Ночь. Звонил Новиков (не Прибой). Голос из того далекого времени, когда “на преполовенном жизненном пути” я заблудилась в дантовском дремучем лесу. Какие горькие и в какой-то своей части какие светлые годы. Новиков примыкает к их светлой части. Я ждала ребенка. Новиков этого не знал, но что-то в его настроении было соответствующее моему торжественному чувству тайны, во мне живущей, и ожиданию чуда. У нас были часто длинные монастырского характера трапезы (рыба, грибы, овощи). И разговоры были в той же окраске – чуда жизни, тайны жизни, красоты жизни. Ребенку этому не суждено было в те времена увидеть свет.

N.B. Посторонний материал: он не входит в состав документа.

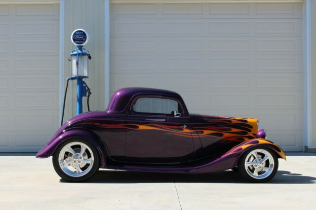 Up for auction is our 34 Ford 3-window Hot Rod, this car is all steel and is the real deal. This car was professionally built and has been driven over 2000 miles since. It has been shaken down and broken in makingready to enjoy worry free. This was a very expensive build, every component and part of this car is the best you can buy. To duplicate this car today would cost $250,000 and take upwards of a year or two to complete. The body is a Ford steel body that has been professionally chopped and smoothed, then panel gapped with new steel fenders and running boards. The fabrication and workmanship on the body / paint is done to a very high level. The paint work is concourse quality, the flames were laid out by Dauber and shot by Dan May. This is a classic look that is timeless and will never look dated or trendy. The front fenders, hood sides and running boards are protected by 3M clear bra. The license plate frame is retractable and is mounted under the rear of the body. The chassis is custom built with chrome front independent A-arms, adjustable coil-overs and rack & pinion steering. The rear is chrome 4 link with a Winters quick change polished aluminum differential and adjustable coil-overs. Wilwood four-wheel disc brakes with polished calipers and two-piece rotors make up the brake system with a power booster tucked between the frame rails. The entire frame is beautifully fabricated, smoothed and painted body color. A full custom, 3" polished stainless exhaust system with chambered mufflers for a great tone, it's not too loud, but loud enough to know something more interesting than the average small block or LS is under the hood. The engine is pro built Merlin 540 big block. This engine is for the street and pump gas. It will idle and endure a cruise night with ease, while also making tons of power and torque to get you're heart racing with adrenaline! Mated with a bullet proof TH-400 automatic transmission makes this Hot Rod a true HOT ROD! Air Conditioning, power brakes, power windows and tilt steering column make this car a joy to drive. The interior is trimmed in fine leather with ultra-comfortable seats, ample leg room, with a very clean and classy look throughout. The dash is also trimmed in leather and sports Classic Instrument gauges. Chromed tilt steering column with a Billet Specialties leather wrapped steering wheel that is machined to match the wheels. A custom sound system tops off the interior The trunk is also trimmed in leather and has flames embossed inside the deck lid. The wheels are custom 17" & 20" Billet Specialties with Nitto tires that set the car off and gives it a mean stance. If you are looking for a beautiful 34 3-window that is ready to enjoy at a fraction of the cost of a new build, then this is the car for you. This Hot Rod has the look, it's all steel, has a killer drive train and is titled as a true 1934 Ford! I have been a member of ebay since 2000 with 100% feedback. Please call with questions; 303 475-4544. Clean Colorado title in hand and ready to transfer ownership. Thank You.

Он родился через 10 лет от другой матери, но это ему не помешало дать мне познание радости и тайны материнской любви.
В Нижнем, он же Горький (поистине горький), масло 60 рублей, мясо 40, молоко 6 рублей литр. Племянницы Добровых, приехавшие оттуда, еще сравнительно молодые, постарели, исхудали, изможденный вид, знакомый по 1919 году. Особое выражение голодного терпения и недоумелости. Спрашиваю: “Как же и чем питаются те, кто получает на целую семью 300–400 рублей, если вы почти голодаете на ваши 1200?” – “Хлеб и кипяток, больше ничего”, – ответили в один голос.
Такие же вести из Киева, Тифлиса, Самары (Куйбышев), Краснодара. И в подмосковных – Загорске, Верее, Малоярославце, Можайске не лучше. Жестокая мера не пускать из этих городишек в Москву за продуктами. С этой целью повышен вдвое железнодорожный тариф. Голод перехитрил эти меры: обыватель доезжает до ближайшей станции и пешком идет в Москву. А Москве завидует, хотя ненавидит ее и клянет.
Борис (Ольгин брат) приходит рисовать в отсутствие Аллы ее interieur. Его привлекает старинная мебель, красное дерево, общая артистичность убранства. Борис хочет переключиться из профессии организатора выставок на искусство графика. Очень хочется, чтоб это ему удалось. Талантливый человек, как и все остальные братья и сестра (Ольга). Но все с какой-то запинкой, с какой-то роковой преградой к систематическому и нарастающему движению в творчестве. Кроме Володи[553], прославившегося в своей области, куровода, все не вытанцевались до исторического масштаба. Если бы не какой-то яд в мозгах (он, может быть, вызывает и творческий подъем, но чем-то отравляет волю), Ольга давно была бы беллетристом, Борис – художником, Николай[554] – крупным изобретателем (может быть, попав в американские условия, он и сделался им). А бедного Всеволода[555] (младшего из Бессарабовых) эта ядовитая талантливость свела в могилу в юношеском возрасте – сгорел мозговой аппарат, не доведя до конца, может быть, гениального изобретения (передача движения на расстоянии 500 километров с помощью какого-то прибора).